───── Information provided
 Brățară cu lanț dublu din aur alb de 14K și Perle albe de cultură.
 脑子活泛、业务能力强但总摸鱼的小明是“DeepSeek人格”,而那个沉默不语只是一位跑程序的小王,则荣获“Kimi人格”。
──────────
───── Information provided
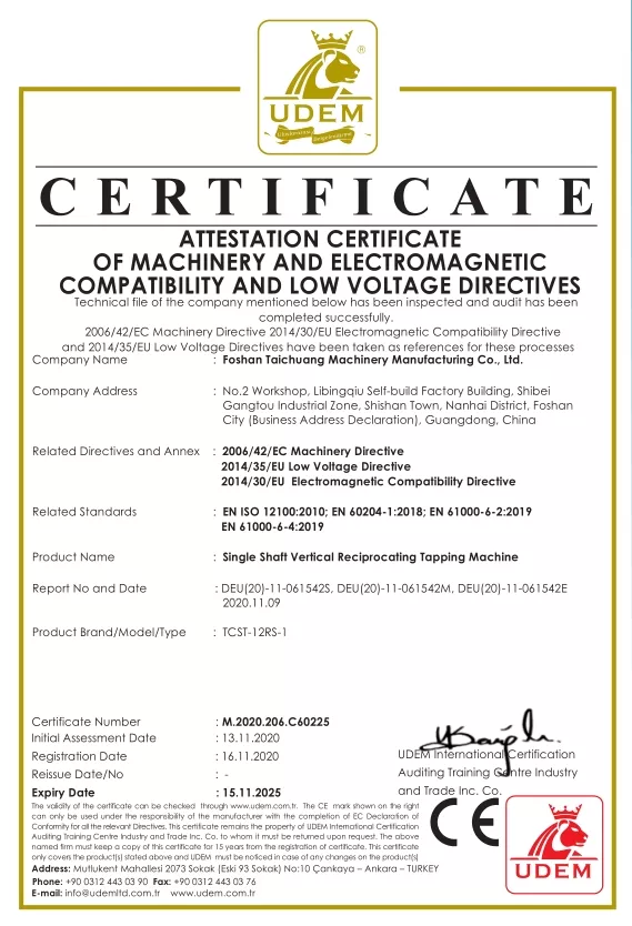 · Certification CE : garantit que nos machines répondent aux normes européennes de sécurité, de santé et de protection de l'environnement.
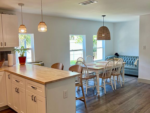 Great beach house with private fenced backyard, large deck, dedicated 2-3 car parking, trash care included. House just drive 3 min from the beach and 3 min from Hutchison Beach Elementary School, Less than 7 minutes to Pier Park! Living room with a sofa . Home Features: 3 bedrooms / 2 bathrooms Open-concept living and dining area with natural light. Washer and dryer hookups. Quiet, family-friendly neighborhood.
──────────
**Problem description:** For this exercise, reproduce exactly the lines of the records above from the one with "protection de l'environnement." up to and including the one with "Great beach house", without pictures.

**Result:**
 · Certification CE : garantit que nos machines répondent aux normes européennes de sécurité, de santé et de protection de l'environnement.
 Great beach house with private fenced backyard, large deck, dedicated 2-3 car parking, trash care included. House just drive 3 min from the beach and 3 min from Hutchison Beach Elementary School, Less than 7 minutes to Pier Park! Living room with a sofa . Home Features: 3 bedrooms / 2 bathrooms Open-concept living and dining area with natural light. Washer and dryer hookups. Quiet, family-friendly neighborhood.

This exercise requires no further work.